Batı kendi parasını nasıl zehirledi?

Merkez bankaları, paraya otomobil üreticilerinin kullandıkları sülfürik asidi tasfiye ettiği şekilde davranmaya başladığında, finansallaşmış kapitalizm krallığında bir şeylerin çürümüş olduğunu bilir.

Google Haberlere Abone ol

Yanis Varoufakis

Kapitalizm, değeri olsa da fiyatı olmayan hemen hemen her şeyi nesneleştirerek dünyayı fethetti; bu yolla değer ve fiyat arasında keskin bir uçurum yarattı. Paraya da aynı şeyi yaptı. Paranın değişim değeri daima insanların ödenen nakit miktarı karşılığında kıymetli şeyleri vermeye hazır olmalarını yansıtıyordu. Ne var ki, kapitalizm hakim olduğunda ve Hıristiyanlık verilen krediler için bir bedel alma düşüncesini kabul ettiğinde, para da bir piyasa fiyatı elde etti; bu ‘Faiz oranı’, yani belirli bir süre için bir miktar nakit kiralamanın bedeliydi.

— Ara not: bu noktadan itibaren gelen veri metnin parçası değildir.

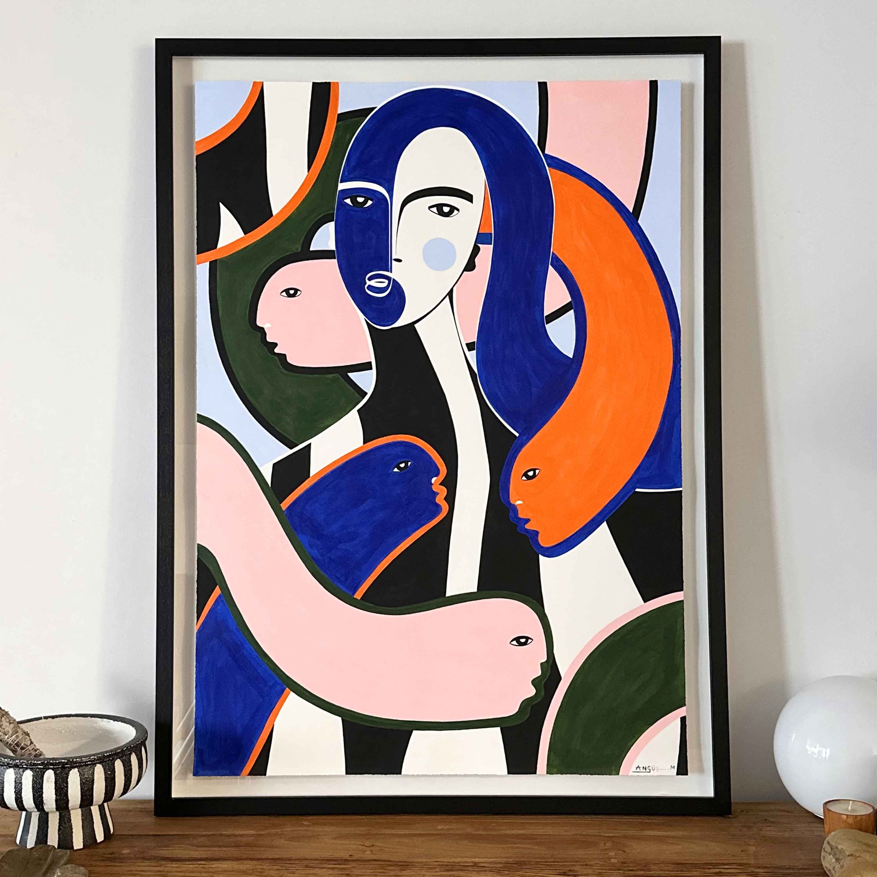 Acrylic on 300gsm, acid-free, archival quality, 100% cotton paper, mounted and float framed in Oak.

2008’deki mali çöküşten sonra ve özellikle de küresel salgın esnasında tuhaf bir şey oldu: Para değişim değerini korudu (enflasyon azaldı) ama fiyatı düştü ve pek çok defa negatife döndü. Politikacılar ve merkez bankası görevlileri istemeden de olsa (Karl Marx’ın paraya dair şiirsel tanımıyla) “insanlığın yabancılaşmış yeteneğini” zehirlemişlerdi. Kullandıkları zehir, 2008 sonrasında Avrupa ve Amerika Birleşik Devletleri’nde uygulanan ve bir avuç insana sunulan sosyalizmi (ortaklaşmacılığı) finanse etmek amacıyla çoğunluğu hedef alan katı bir kemer sıkma politikasıydı.

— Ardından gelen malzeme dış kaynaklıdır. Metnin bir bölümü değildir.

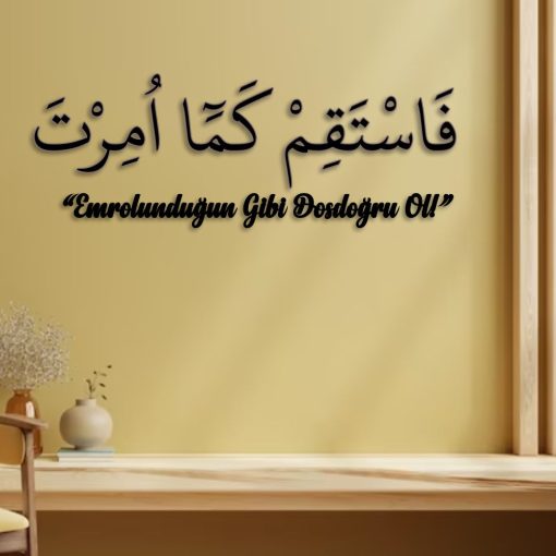 Emrolunduğun gibi dosdoğru ol ayeti yazılı İslami Duvar yazısı, ev veya iş yerlerini İslamî motiflerle dekore etmek isteyenler için harika bir seçimdir.

PARA POLİTİKALARI NE İŞE YARADI?

Kemer sıkma, tam anlamıyla, özel harcamalar bir tuğla hızıyla düşerken kamu harcamalarını azalttı ve tanım gereği milli geliri oluşturan özel ve kamu harcamalarının toplamındaki düşüşe hız kattı. Kapitalizm egemenliğinde, sadece büyük işletmeler, borç verenlerin, yani çoğunlukla büyük birikimleri olan zengin insanların borç vermeye hevesli olduğu paranın büyük bölümünü ödünç alma kapasitesine sahiptir. Hâl böyleyken, 2008’den sonra paranın fiyatı düştü: Büyük işletmeler, tasarrufun talep üzerindeki felaket benzeri etkisine (büyük işletmelere dönük) para arzı yükselse dahi yatırımları iptal ederek yanıt verdiği için, talep kurudu.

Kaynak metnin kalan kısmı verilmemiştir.